Less than two hours later, Dawson was dead.

An autopsy on Dawson has been performed and the results will be released this week, Blountstown, Fla., police chief Mark Mallory told the Associated Press. But Dawson's family and leaders of the Florida chapter of the NAACP say that Dawson died because police and hospital staff were negligent.

"They didn't do what they could," Dawson's aunt Angela Donar told Florida CBS affiliate WCTV as she wiped away tears. ". . . I told them, 'Y'all done killed her.'"

Hospital officials said doctors did their best to save Dawson, a 57-year-old who had long suffered from breathing problems.

"Our staff was very aggressive with her treatment," Ruth Attaway, Calhoun Liberty Hospital's administrator and CEO, told the Tallahassee Democrat. "They did everything they could."

The Florida Department of Law Enforcement has been called in to investigate the incident. Meanwhile, Tallahassee attorney Daryl Parks, who is representing Dawson's family, said they plan to file a lawsuit against the hospital, the Blountstown Police Department, or both.

"The most reasonable thing to do is to let her sit there and be able to settle down until she felt well. Instead, she is forcibly removed and put in cuffs," Parks told the Associated Press. "The early facts of this case should cause a great concern for everyone."

Dawson showed up at Calhoun Liberty around 10:30 p.m. on Sunday night, according to police, seeking treatment for stomach pains.

She was a familiar sight at the small, 25-bed facility, where she often came with her numerous health complaints.

Some of those visits, too, had ended in conflict - Donar told the Democrat that staff at Calhoun Liberty had called the police on Dawson before, and once kicked her off the premises when she brought a friend in for treatment.

This time, Dawson was treated and cleared for release early Monday morning, Mallory told the Democrat. But Dawson refused to leave, "causing a disturbance in the hospital with her language and the volume of her voice," he said, so police were called.

Donar told WCTV that hospital staff unhooked Dawson from her oxygen tank before the officer escorted her out. When Donar objected, saying her niece still needed the breathing help, Donar says she was told, "She's fine, she's fine."

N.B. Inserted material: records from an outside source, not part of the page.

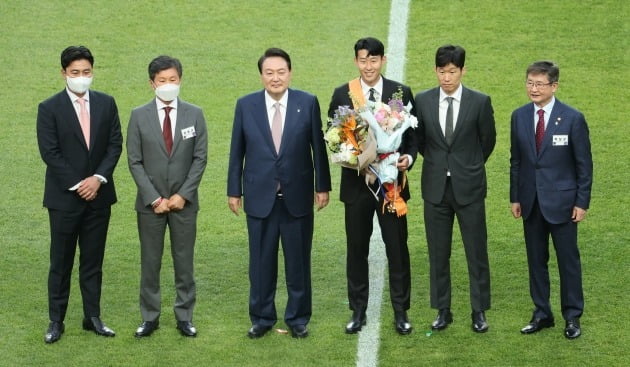 在6月2日与巴西队的热身赛赛前,韩国总统尹锡悦前往赛场向韩国队的7号孙兴慜颁发了青龙体育勋章(以下简称“青龙奖章”),这也是韩国体育界人士的最高荣誉。现年30岁的孙兴慜在2021-22赛季的英超联赛中,夺得英超金靴,成为了亚洲足球历史上第一位拿到五大联赛金靴的球员。“青龙勋章”是韩国体育勋章等级最高的勋章,1973年,韩国颁布了《体育人员授勋法》,规定凡是在奥运会、世锦赛、亚运会等大型体育赛事拿到奖牌的运动员、教练员以及相关官员,都会获得相关勋章
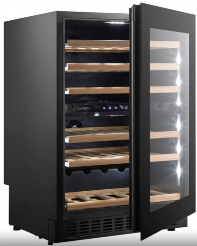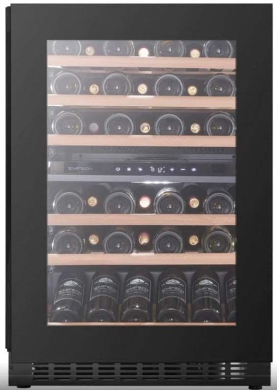 Винный шкаф Temptech SKX6080DRB с двумя температурными зонами (5-12°C, 12-20°C) и вместимостью до 46 бутылок вина.
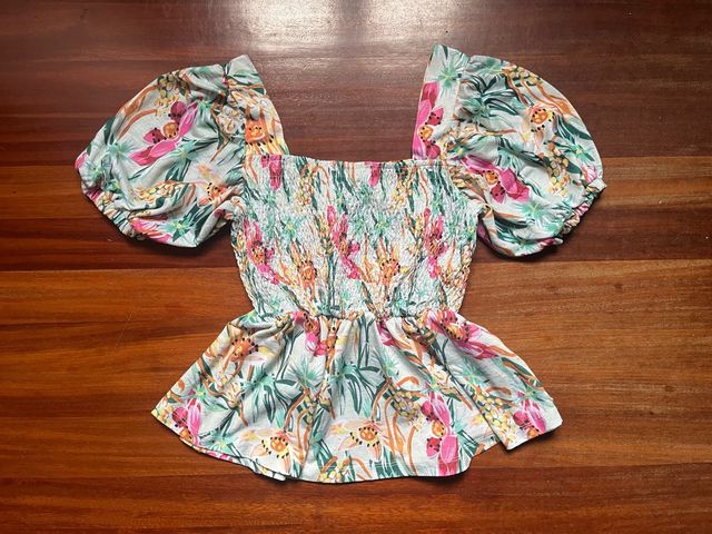 Blusa floral con mangas abullonadas
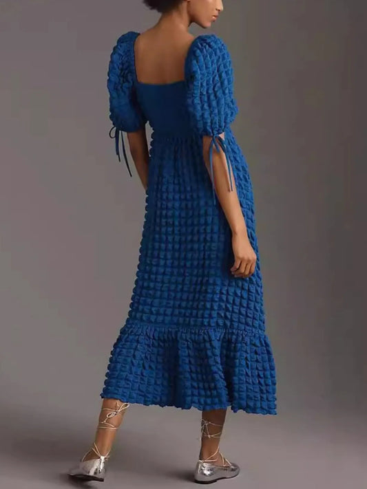 Women's Textured Sweetheart Neck Short Sleeve Dress with Smocked Bodice and Tied Waist 80% Polyester 20% Cotton
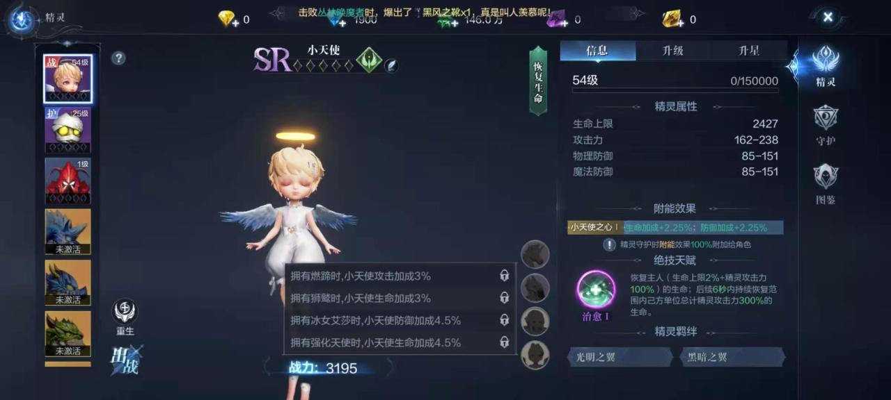 所以大家想要重点培养一个精灵的时候,就可以把他所有的羁绊都凑齐,这样精灵的属性就会非常高,如何选择重点培养的精灵就要看自己的职业了。不同的精灵绝技天赋不同,小天使的绝技天赋就是治愈,可以提高主人的生命值,这一点就非常适合骑士,剑士等近战职业。只要是主战精灵出战,其他羁绊精灵守护就可以了。
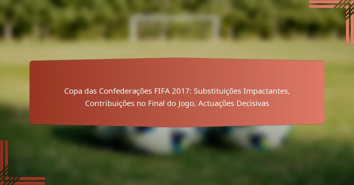 Vários jogadores destacaram-se durante a Taça das Confederações da FIFA 2017, influenciando significativamente as performances das suas equipas. As suas contribuições variaram desde marcar golos cruciais até fornecer liderança e versatilidade tática, tornando-os ativos inestimáveis em jogos de alto risco.
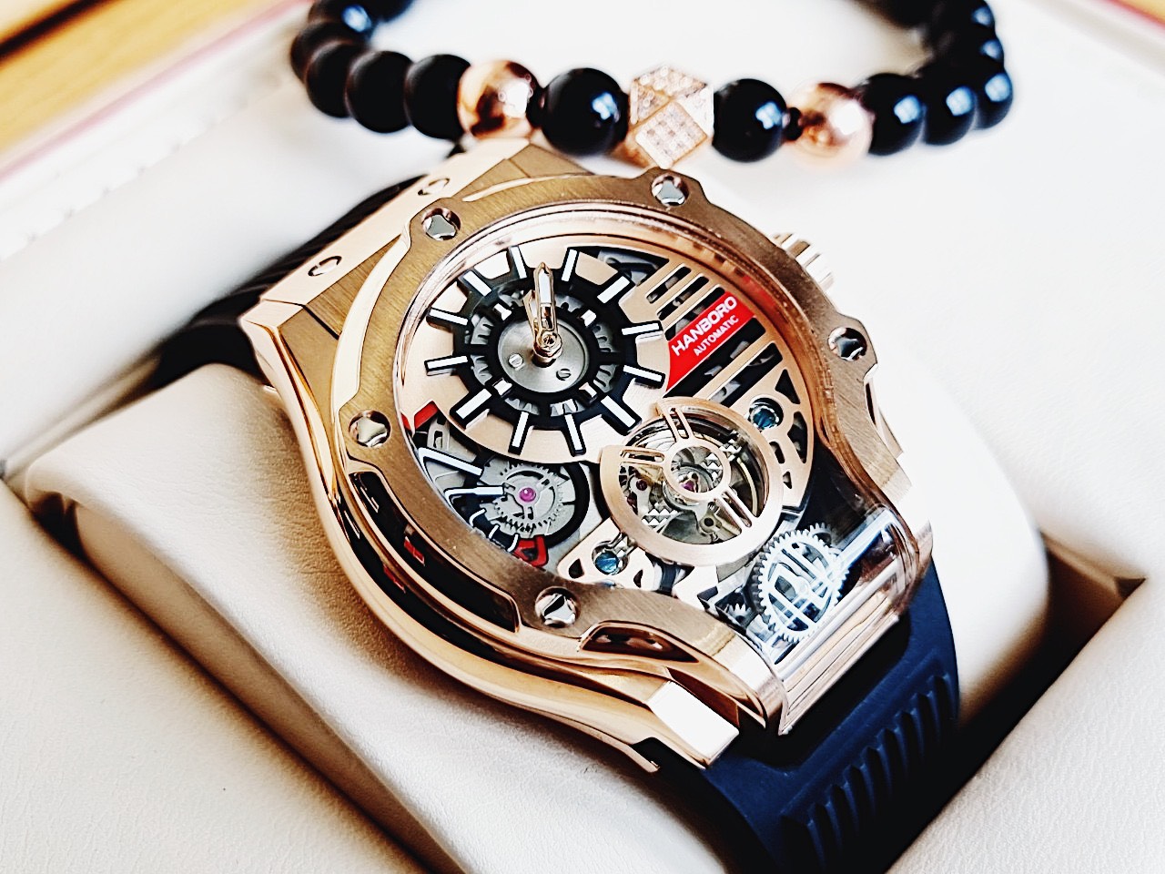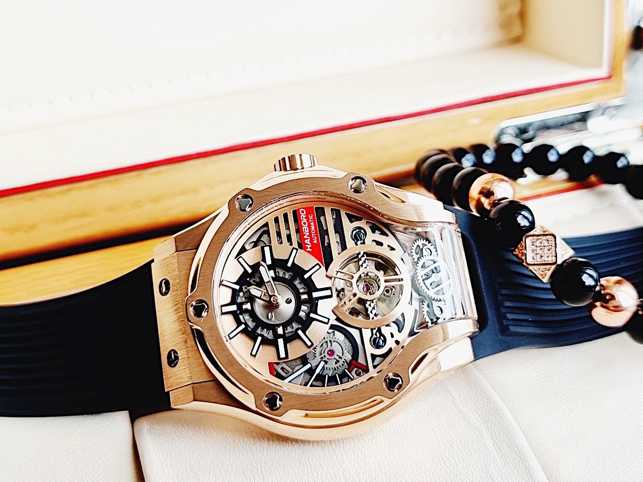 - Đồng hồ cơ nam Hanboro Automatic chính hãng thiết kế theo phong cách Hublot phiên bản siêu xe Ferrari đình đám
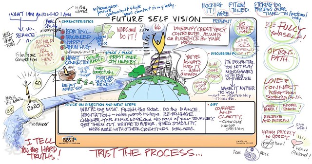 [Visual Coaching with Christina Merkley – 2020 #19]. As a transgender woman, Gala works deeply internally and externally. Her primary question now is what is her role and service? At 25 she abandoned a promising musical career for the corporate path. As 50 looms her multi-creativity beckons. Future Self commands an end to mind games and to ‘go there hard’ because life does depend on it.

When Dawson collapsed in front of the squad car, the officer quickly uncuffed her and called for medical help. Staff checked her breathing, her pulse - they all looked fine. But a doctor decided to wheel her back into the facility anyway.

"We were told by a doctor once she got back in the hospital that her vital signs were good and it was their decision to readmit her," Mallory told the Associated Press.

But Donar, who was at the scene, challenged that account. She told the Democrat that a doctor couldn't detect Dawson's pulse before she was wheeled back into the hospital.

At 6:24 a.m., less than two hours after the police had initially been summoned, Dawson died. It is not clear what she died from or how her condition deteriorated so quickly.

A dashboard camera in the officer's car didn't capture the incident, but it did pick up audio, according to Mallory. That video, along with a police report, will be released before Christmas, according to the Democrat.

The local chapter of the NAACP held an emergency meeting Tuesday afternoon to address Dawson's death.

"Those that were responsible for her death . . . need to be held accountable in a court of law," Dale Landry, president of the Tallahassee branch of the Florida NAACP, told WCTV after the meeting. "Because here we have an innocent person taken into custody and now they've lost their life when all they did was come and ask for medical help."